Cloudflare and Spamhaus
Spamhaus has been the subject of a lot of discussion the last few weeks. I touched on this a little in June when I blogged that a number of large brands were getting SBL listings.
But big brands are not the only companies with publicly discussed SBL listings.
Cloudflare, the content delivery network that grew out of project honeypot, has a number of SBL listings, covering at least 2 /18s and a /20. Representatives and customers of Cloudflare have been discussing the listings on twitter.
As a content provider, Cloudflare isn’t actually sending mail nor are they actually hosting the content. What they are doing is providing consistent name service and traffic routing to malicious websites. In fact, they’ve been providing services to a malware botnet controller (SBL138291) since May, 2012. They’re also providing services to a number of SEO spammers. Both of these actions are justification for a SBL listing, and Spamhaus has a history of listing providers protecting spammers.
Cloudflare claims they take action on all “properly filed complaints” and they may actually do that. But their reports require quite a bit of information and require consent for releasing information to 3rd parties. Looking at the website, it appears to me to be a site designed to discourage abuse reports and stop people from reporting problems to Cloudflare.
When you look at the Cloudflare business model it’s clearly one that will be abused. Cloudflare acts as a reverse proxy / pass through network that caches data from their customers. This protects the abusers webhosting setup and prevents people tracking the abuser from being able to determine the true host of a website. As a responsible internet citizen, Cloudflare should be disconnecting the customers hiding behind Cloudflare’s services.
Unfortunately, Cloudflare seems unwilling to actually police their customers. They’ve taken a totally hands off approach.

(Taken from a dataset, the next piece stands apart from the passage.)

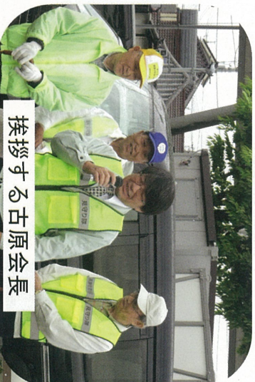
挨拶する古原会長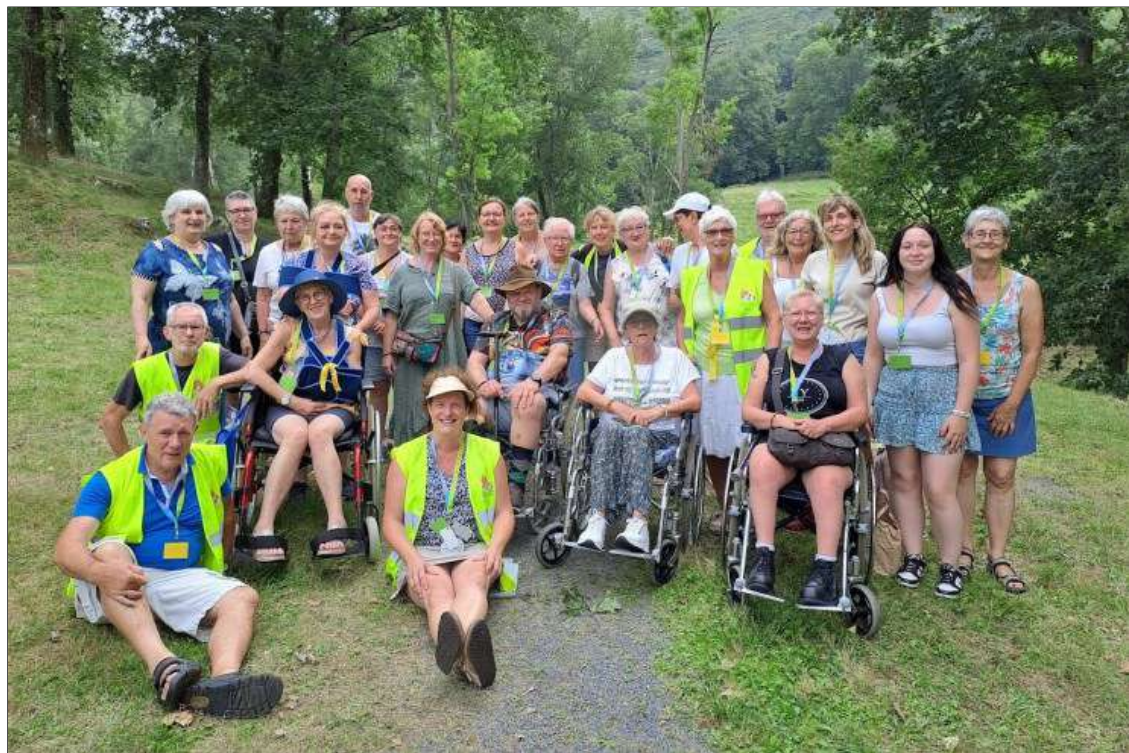
groepsfoto van mensen in de Welzijnsschakels van het bisdom Brugge.

Van 14 tot en met 20 juli kregen de mensen van de welzijnsschakel Kantel de mogelijkheid om met de organisatie van het bisdom Brugge mee te gaan naar Lourdes .

Let’s be frank. Cloudflare has been providing service to Botnet C&C servers for at least two months. It doesn’t matter that the abuser has the malware on a machine elsewhere, Cloudflare’s IP is the one that serves the data. I don’t care what you think about spam, providing service to malware providers is totally unacceptable. It’s even more unacceptable when you claim to be a security company. Nothing about malware is legitimate and the fact that Cloudflare is continuing to host a malware network command and control node is concerning at the very least.
Cloudflare (.pdf) is listed on Spamhaus for providing spam support services. The most obvious of these is providing service to a malware controller. And Spamhaus escalated the listings because they are allowing other abusers to hide behind their reverse proxy.